Coming Soon On The Thames: A Giant Whoopee Cushio

AS A TOURIST ATTRACTION, the prime meridian, passing within a few miles of central London, is one of the world's great unexploited natural resources. Rich in historical associations and scientific significance, offering people the unique experience of standing with one foot in each hemisphere, it still somehow fails to make most visitors' "must see" lists. Tourists, perhaps, are put off going to see something whose description invariably begins: "An imaginary line..." But it is precisely the imaginary nature of the meridian that gives it marketing synergy with another great abstraction, the millennium. Jan. 1, 2000, will arrive locally at dozens of instants around the globe, but by agreement of the 1884 International Meridian Conference it becomes official for the entire world "at the moment of mean midnight" in the London suburb of Greenwich. More or less in the same spirit in which Columbus, Ohio, welcomed tourists commemorating the 500th anniversary of the discovery of America, London has begun styling itself as "the millennial city."

To turn the thousands who now visit the old Royal Observatory at Greenwich into the hoped-for millions, Britain has an audacious plan: to redevelop a desolate 130-acre site where the meridian crosses the Thames for a yearlong festival commemorating Time itself. The centerpiece, designed by honored British architect Richard Rogers, is a net of translucent plastic supported by a dozen steel masts, loosely referred to as the world's biggest dome. Unawed British journalists described it as "a giant saucepan lid" or "a whoopee cushion run through with cocktail sticks." The cost of around o600 million ($1 billion) is to be funded in part from national lottery profits, which are being parceled out for millennial projects around the country--among them cycling paths, village halls and a new home for the Tate Gallery of Modern Art. "This is a thundering great birthday for civilization," says Simon Jenkins, a member of the Millennium Commission. "We wanted something hyperbolic."

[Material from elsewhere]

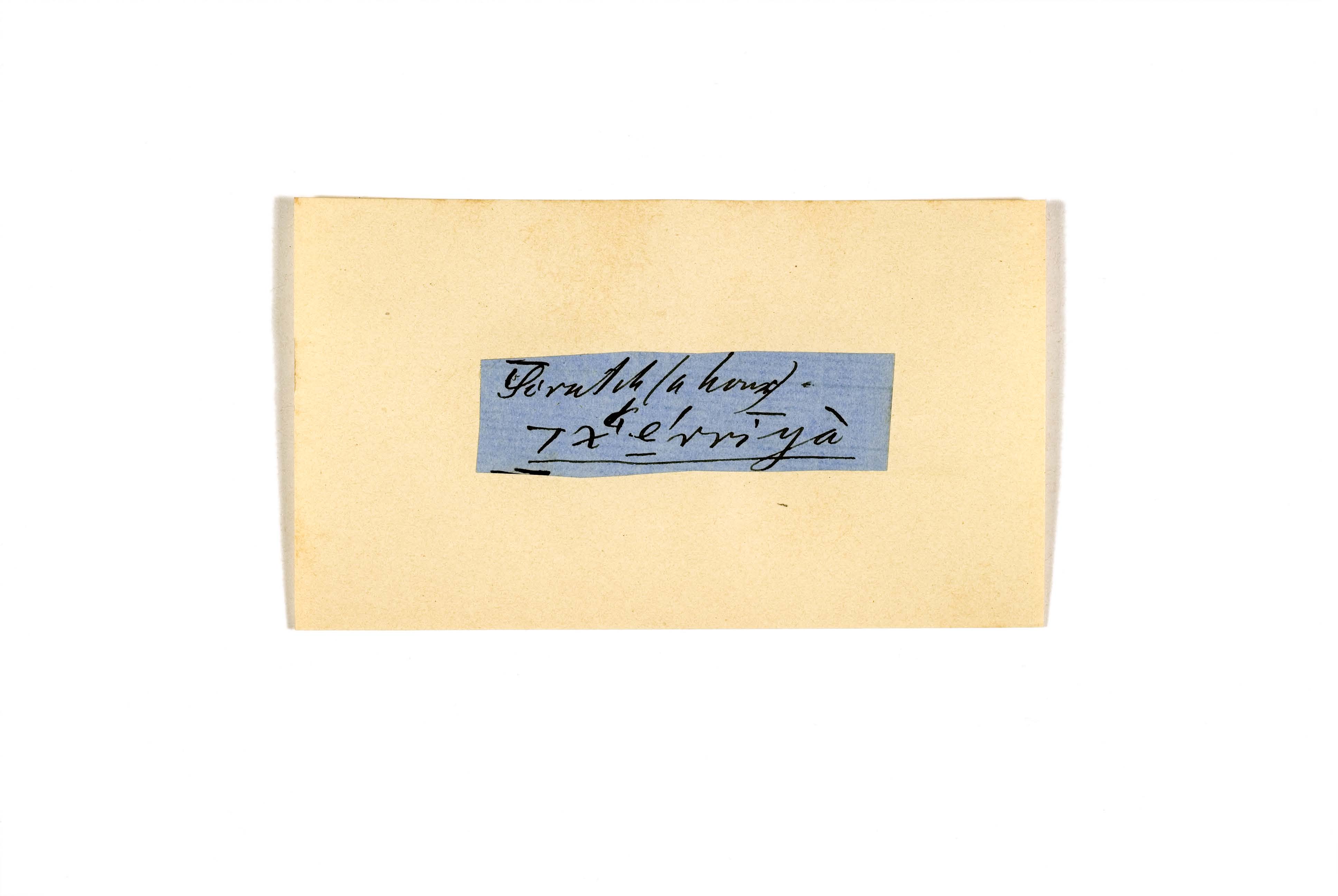ink on blue paper glued on card

Characteristically, the British public has greeted the Greenwich project with the suspicion it lavishes on all new ideas. It hasn't helped that no one has been able to describe its precise purpose or nature, beyond serving as a catch basin for the flood of tourists expected to be unleashed by the millennium. Millennium Central chief executive Jennifer Page assures reporters that the dome's contents will "inform, entertain and uplift... over and above an ordinary theme park or world's fair." Pressed for details, she says there will be "a unique blend of entertainment... a whole new range of activity that can be accommodated in an entertaining and stimulating way." "No one has said what's inside," says a bemused Michael Manser, a former president of the Royal Institute of Architects. "Here we are, just two years away from the exhibition, and no one knows."

Yet is it not the nature of Time to reveal all things in due course? The project's Conservative Party backers, such as Deputy Prime Minister Michael Heseltine, see the project in grand terms, a "bold, defining statement" of "our pride and confidence in this country." Its detractors question whether British pride for the next thousand years ought to be so closely identified with the establishment, in the 19th century, of Greenwich mean time as the world standard for steamships and railroads. "There is a total lack of interest," declares Labour M.P. Austin Mitchell. "To celebrate Time is barmy." If it takes power in the May 1 election, Labour may have other plans for the money, in which case the honor of ceremonially ushering humanity into the next century may fall to some other city on or near the meridian: Madrid, Accra or perhaps Ouagadougou, capital of Burkina Faso. Or maybe the world's tourists will decide, for one blessed day, to honor the millennium by staying home.